Pada kesempatan itu, Nurwakhid menjelaskan terkait indikator-indikator materi radikalisme yang disampaikan oleh penceramah. Setidaknya ada lima indikator yang disampaikannya.
Pertama, mengajarkan ajaran yang anti Pancasila dan pro ideologi khilafah transnasional.
Kedua, mengajarkan paham takfiri yang mengkafirkan pihak lain yang berbeda paham maupun berbeda agama.
Ketiga, menanamkan sikap anti pemimpin atau pemerintahan yang sah, dengan sikap membenci dan membangun ketidakpercayaan (distrust) masyarakat terhadap pemerintahan maupun negara melalui propaganda fitnah, adu domba, hate speech, dan sebaran hoaks.
Keempat, memiliki sikap eksklusif terhadap lingkungan maupun perubahan serta intoleransi terhadap perbedaan maupun keragaman (pluralitas).
Kelima, biasanya memiliki pandangan anti budaya ataupun anti kearifaan lokal keagamaan.
“Mengenali ciri-ciri penceramah jangan terjebak pada tampilan, tetapi isi ceramah dan cara pandang mereka dalam melihat persoalan keagamaan yang selalu dibenturkan dengan wawasan kebangsaan, kebudayaan dan keragaman,” kata Nurwakhid.
Nurwakhid menegaskan, strategi kelompok radikalisme memang bertujuan untuk menghancurkan Indonesia melalui berbagai strategi yang menanamkan doktrin dan narasi ke tengah masyarakat.

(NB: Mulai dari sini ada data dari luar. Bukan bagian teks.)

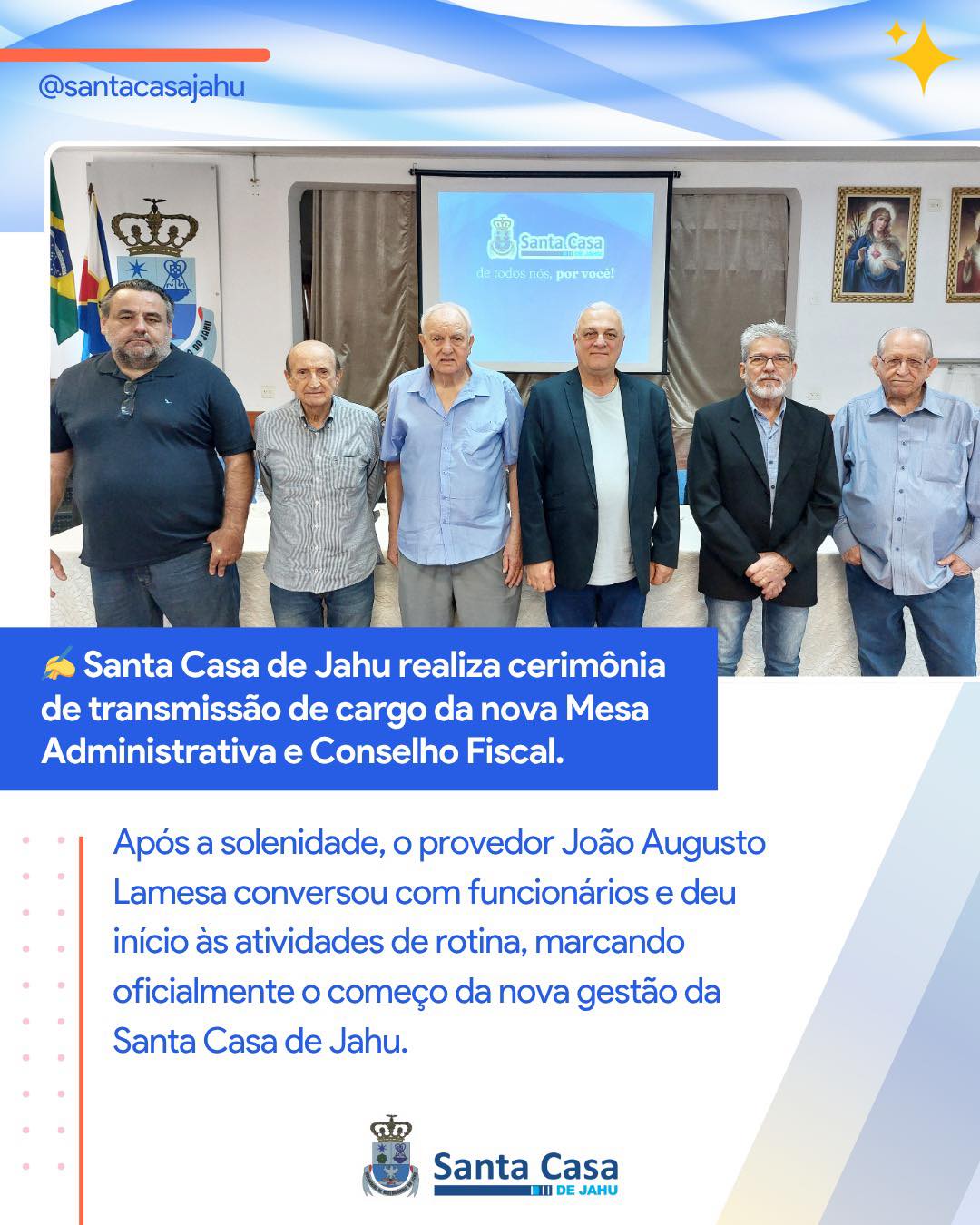 🏥 A Irmandade de Misericórdia do Jahu realizou na manhã desta quarta-feira, 1º de outubro, a cerimônia interna de transmissão de cargo da nova mesa administrativa e do conselho fiscal da Santa Casa de Jahu. Os eleitos no dia 25 de setembro assumem mandato até 30 de abril de 2026.

Kata Nurwakhid, ada tiga strategi yang dilakukan oleh kelompok radikalisme. yakni mengaburkan, menghilang bahkan menyesatkan sejarah bangsa, menghancurkan budaya dan kearifan lokal bangsa Indonesia, dan mengadu domba di antara anak bangsa dengan pandangan intoleransi dan isu SARA.
Strategi ini dilakukan dengan mempolitisasi agama yang digunakan untuk membenturkan agama dengan nasionalisme dan agama dengan kebudayaan luhur bangsa. Proses penanamanya dilakukan secara massif di berbagai sektor kehidupan masyarakat, termasuk melalui penceramah radikal tersebut.
“Inilah yang harus menjadi kewaspadaan kita bersama dan sejak awal untuk memutus penyebaran infiltrasi radikalisme ini salah satunya adalah jangan asal pilih undang penceramah radikal ke ruang-ruang edukasi keagamaan masyarakat,” pungkasnya.